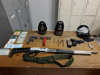 A apreensão foi realizada através de denúncia anônima apontando que um indivíduo guardava armas roubadas em sua residência
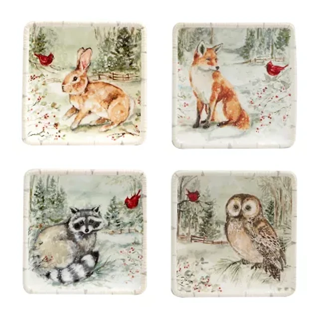 Certified International Winters Joy 4-pc. Earthenware Appetizer Plate
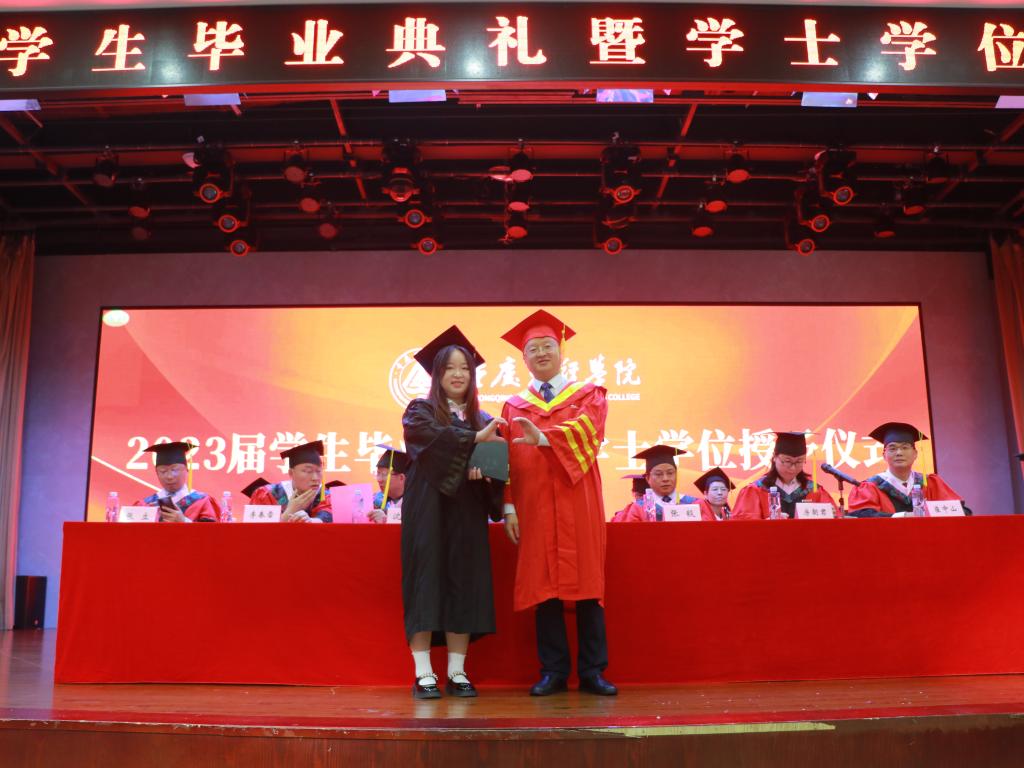 在热烈的掌声中,毕业生代表周心怡同学上台发言,回忆起在校园的种种美好瞬间,尽显对母校的不舍和留恋,表达了对母校与恩师的感谢之情,希望大家以梦为马,不负韶华,绚烂绽放青春之花。毕业生家长代表陈继业为2023届毕业生送上了最诚挚的祝福,肯定了同学们一直以来的努力,并对全校上下表示由衷地感谢,希望众学子懂感恩,知良善,去奋斗,不怕苦不怕难,乘风破浪,直挂云帆。教师代表郭静林副教授对各位毕业生深情寄语,四年来见证了同学们的成长和蜕变,而今后的路要自己走,要善于为自己“投资”,望铭记校训,砥砺前行,自强不息。
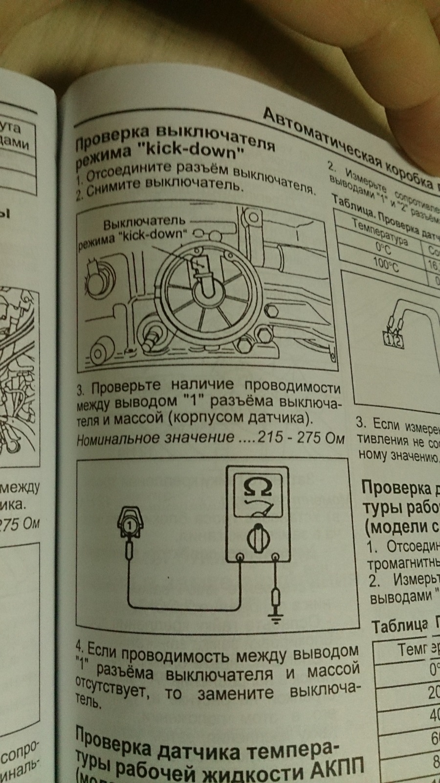 Вот что у меня в итоге получилось намерять с выключателем "Кик-даун". Сопротивления ноль, пока не нажать железку, но и после нажатия сопротивление никак не соответствует тому что указано в книге....На картинках подробнее. Может у кого-нибудь есть разобранная коробка, чтобы можно бы сравнить... Или забить на это несоответствие и все....
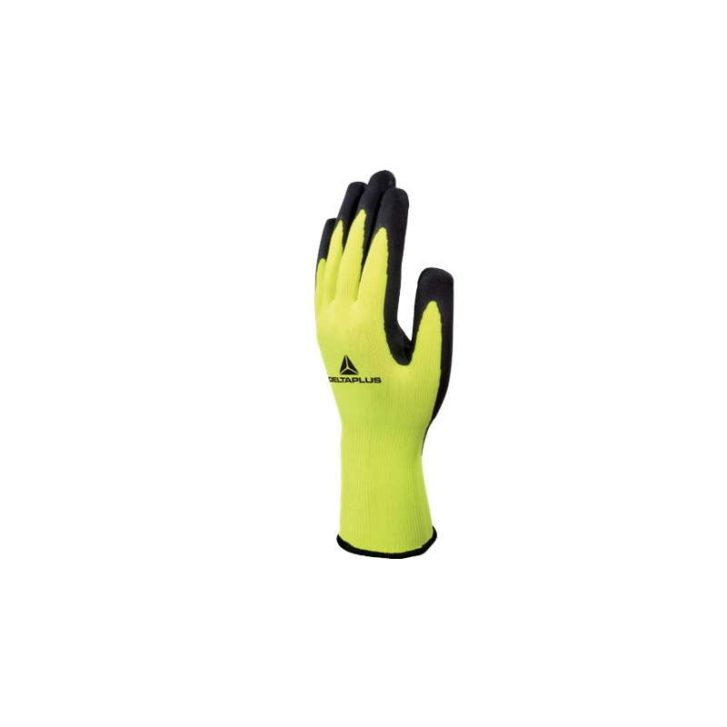 Adīti poliestera cimdi koši dzeltenā krāsā ar melnas krāsas lateksa pārklājumu APOLLON
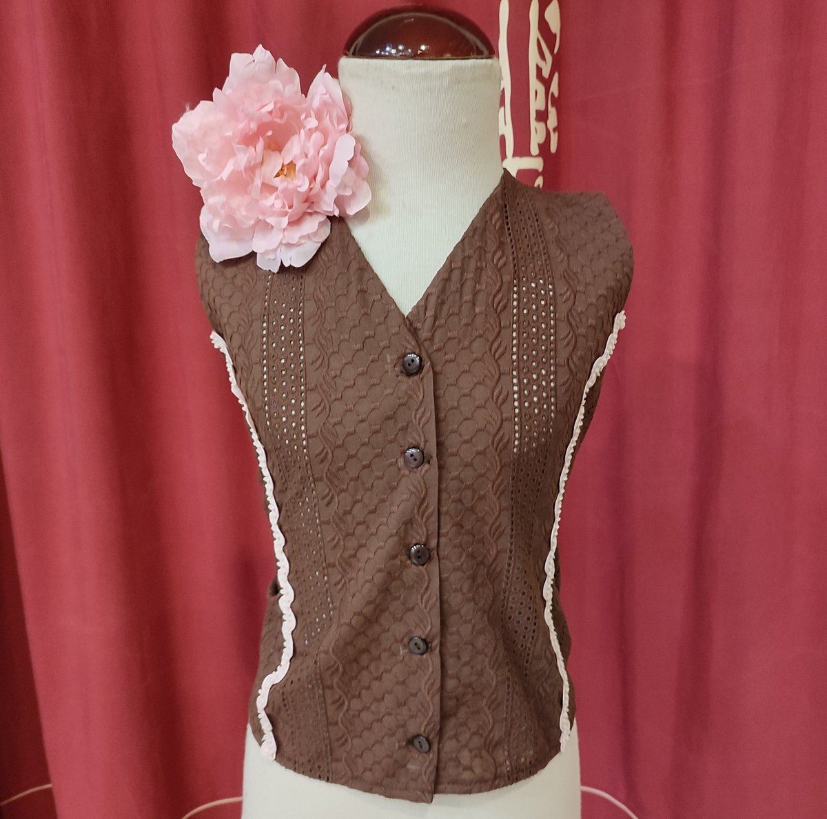 Camisa de manga sisa en perforado marron con adornos en rosa bebe.
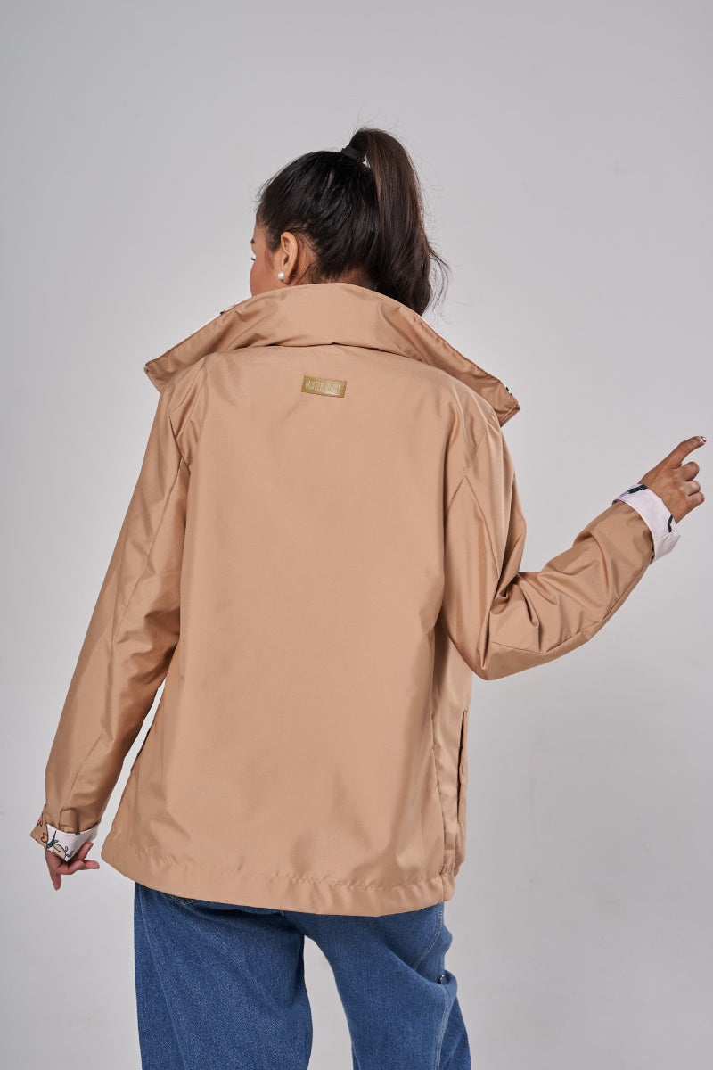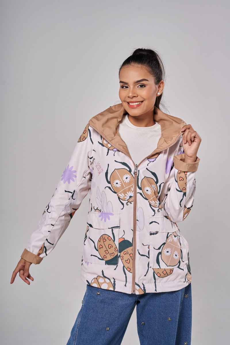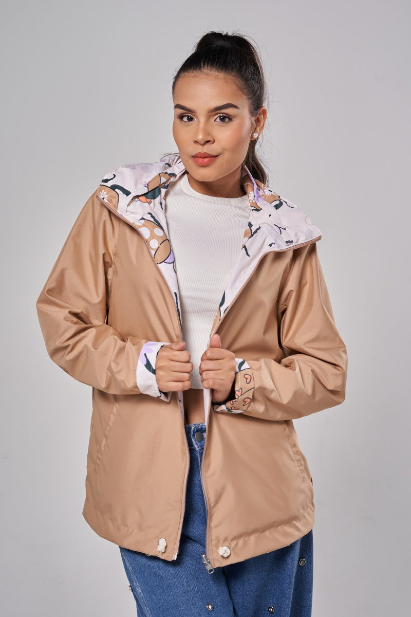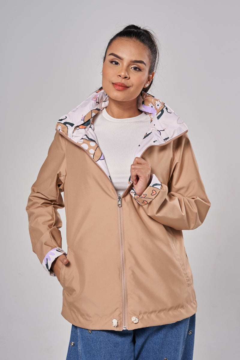 Flow natural y suave. Una pieza reversible que combina un print delicado con un tono sólido súper combinable. Reversible, práctica, liviana .Además cuenta con repelencia al agua, protección solar , capota guardable y bolsita para colgártela. Dos moods en una sola prenda.
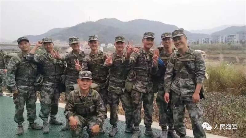 ▲王士豪(前排)第一次入伍与火箭军战友合影
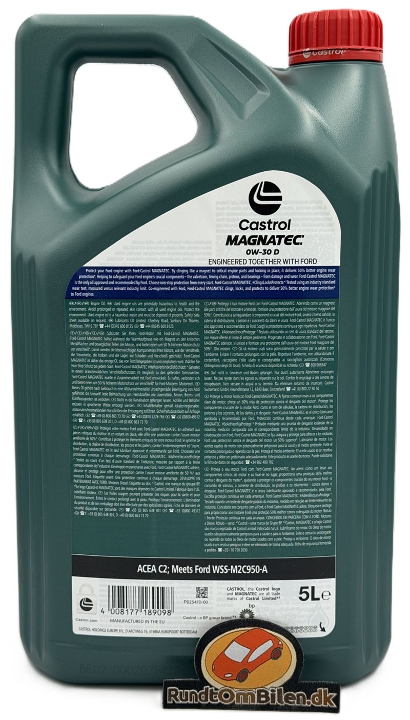 Med Castrols Magnatec 0W30 D får du den bedste olie til din Ford. Olien er udviklet direkte til Ford naturligvis godkendt af Ford med godkendelsesnummeret Ford WSS-M2C950-A.
####
# [TASK ITEM]
Your reply should hold nothing but the lines above, from the one containing "在热烈的掌声中,毕业生代表周" to the one containing "Camisa de manga", reproduced exactly minus the pictures.

# [ANSWER TO THIS EXERCISE]
 在热烈的掌声中,毕业生代表周心怡同学上台发言,回忆起在校园的种种美好瞬间,尽显对母校的不舍和留恋,表达了对母校与恩师的感谢之情,希望大家以梦为马,不负韶华,绚烂绽放青春之花。毕业生家长代表陈继业为2023届毕业生送上了最诚挚的祝福,肯定了同学们一直以来的努力,并对全校上下表示由衷地感谢,希望众学子懂感恩,知良善,去奋斗,不怕苦不怕难,乘风破浪,直挂云帆。教师代表郭静林副教授对各位毕业生深情寄语,四年来见证了同学们的成长和蜕变,而今后的路要自己走,要善于为自己“投资”,望铭记校训,砥砺前行,自强不息。
 Вот что у меня в итоге получилось намерять с выключателем "Кик-даун". Сопротивления ноль, пока не нажать железку, но и после нажатия сопротивление никак не соответствует тому что указано в книге....На картинках подробнее. Может у кого-нибудь есть разобранная коробка, чтобы можно бы сравнить... Или забить на это несоответствие и все....
 Adīti poliestera cimdi koši dzeltenā krāsā ar melnas krāsas lateksa pārklājumu APOLLON
 Camisa de manga sisa en perforado marron con adornos en rosa bebe.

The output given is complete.